Firstly, remember all the limitations of uncontrolled trials (see e.g. ICH E10 Choice of Control Group in clinical trials). So, let's assume they have some value in your case (the good thing is that to some extent good statistical methods will discount such trials a lot, if some assumptions are not meet).
Secondly, one of the more obvious approaches is to use a generalized linear mixed effects model (GLMM). The very simplest form would be
$$g(E Y_{ij}) = \beta_i + \gamma_j + \delta_{ij},$$
where $Y_{ij}$ is the outcome in arm $j$ of trial $i$, $g()$ is the link function, $\beta_i$ is the main effect for trial $i$, $\gamma_j$ is the (fixed) main effect for treatment $j$ and $\delta_{ij}$ is the deviation from effect off treatment $j$ in trial $i$ (treatment by trial interaction). Crucially, $\beta_i$ and $\delta_{ij}$ are random effects (which makes this model identifiable) that e.g. follow $N(0, \tau_\beta)$ and $N(0, \tau_\delta)$ distributions. If you do a frequentist analysis this does not matter, but I believe one would usually use a sum to zero constraint on the treatment main effects for a Bayesian analysis.
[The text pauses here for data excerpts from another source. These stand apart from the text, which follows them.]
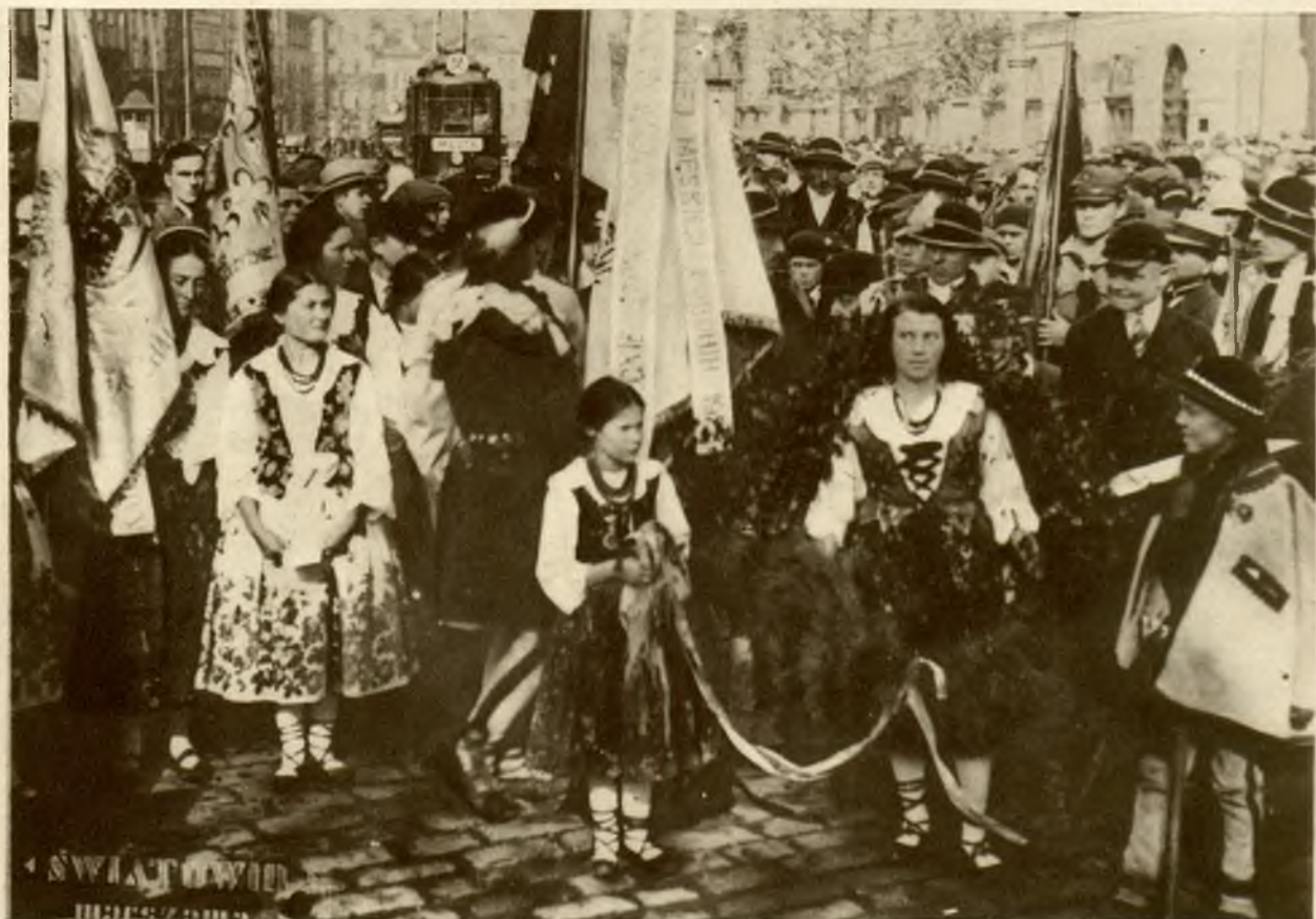
Zespół artystów-górali z Poronina na obchodzie Spisko-Orawskim w Warszawie.
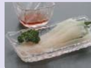
イカソーメン 細長く切ったイカを、生姜を入れたつゆにつけて食べる、これが函館流。
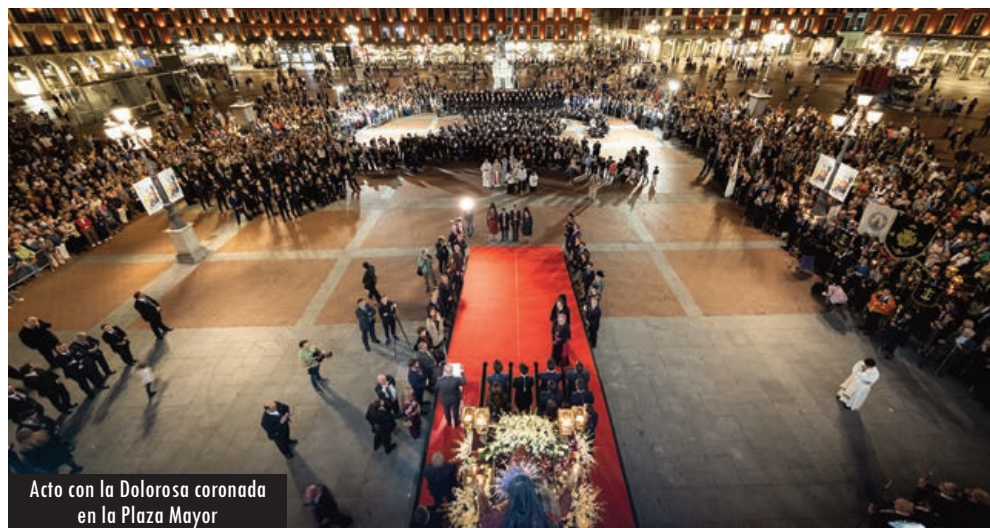
Acto con la Dolorosa coronada en la Plaza Mayor

El 23 todo habría de comenzar con una Catedral repleta de fieles, cofrades, instituciones de la ciudad, autoridades. Hacía mucho que la Iglesia mayor y metropolitana no se contemplaba con este aspecto. La homilía del arzobispo Luis Argüello, con la presencia del cardenal Blázquez, fue el momento previo al gran momento. Distinguió dos formas de pre-
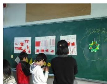
黒板には作り方の説明書を貼っており、自分でチャレンジします
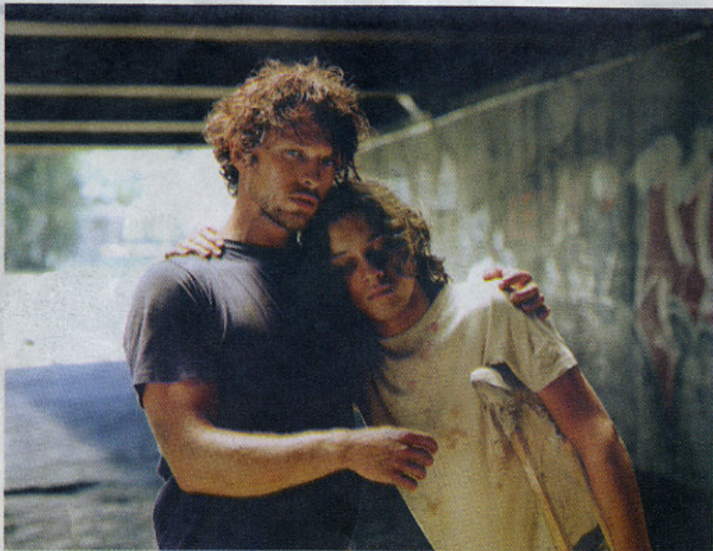
דוד ויהונתן. "לוקח אותי לימים של ההתעוררות המינית שלי"
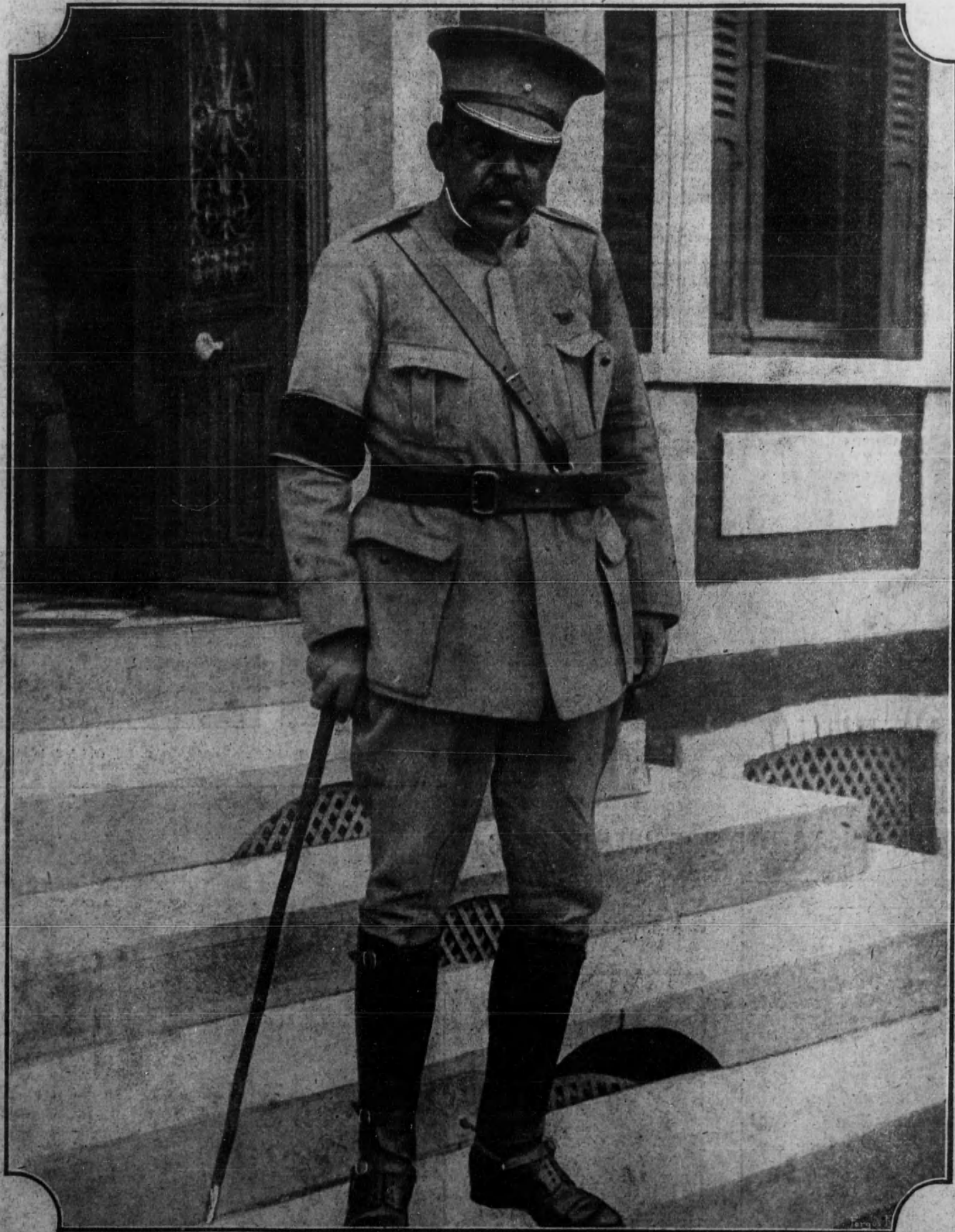
FIGURAS EXTRANJERAS. —El comandante general Tamagnini, jefe de las fuerzas expedicionarias portuguesas que han combatido en Francia. La figura de este caudillo del Ejército portugués es en la presente hora una de las personalidades más salientes de la actual situación política de la República portuguesa, a consecuencia del asesinato del presidente Paes.

This type of model can be implemented in most statistical packages, e.g. the author of the article I mention provides SAS code. Since you are effectively doing an arm-based network meta analysis, looking at the software used by the practioners in that field might be useful. Stan (can be used in R via the rstan package) could be another very flexible choice that gives you complete freedom of specification for both a Bayesian and frequentist analysis.